Every AI detector, free or institutional, runs on a small set of statistical ideas. Understand them and detector scores stop being magic numbers, in both directions: you will trust them more where they deserve it and less where they do not.

On this page

Perplexity: the predictability meter
Burstiness: the rhythm meter
Classifiers: the trained judges
Watermarks: the planted signal
The four methods, compared
Why every score is an estimate
What the limits mean in practice
Sources and further reading

Perplexity: the predictability meter

Language models assign probabilities to the next word. Perplexity measures how surprised a model is by a text: if every next word is exactly what the model would have guessed, perplexity is low; if the text keeps zigging where the model expected zag, perplexity is high. AI generated text is, almost by definition, text a model found maximally probable, so it scores eerily low perplexity. Human writing is messier, full of odd word choices and tangents, and scores higher. Detectors exploit the gap. The catch: plenty of human writing is also predictable, contracts, lab reports, anything written to a template, and it inherits low perplexity and false flags along with it.

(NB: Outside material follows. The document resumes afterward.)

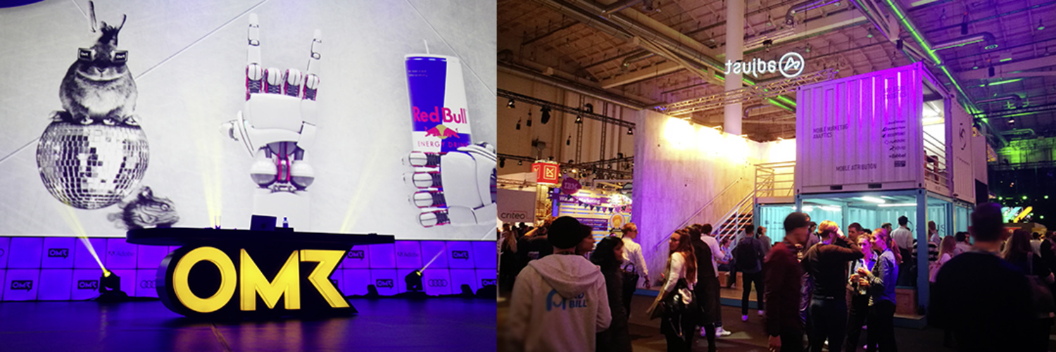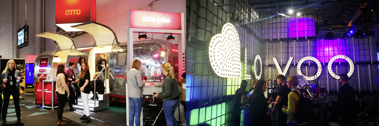 In der großen Messehalle waren die großen Marken vertreten, wie Facebook, Instagram, Otto, Stroer aber auch erfolgreiche Start-ups wie adjust mit tollen Premiumständen.

Burstiness: the rhythm meter

Burstiness measures variance, mostly in sentence length and structure. People write in bursts: a 40-word sentence, then a 5-word one, a question, a fragment. Models distribute sentence lengths tightly around their average, producing the metronome cadence you can hear by reading AI text aloud. Low burstiness plus low perplexity is the classic machine signature, which is also why the most effective manual humanizing technique is simply breaking the rhythm.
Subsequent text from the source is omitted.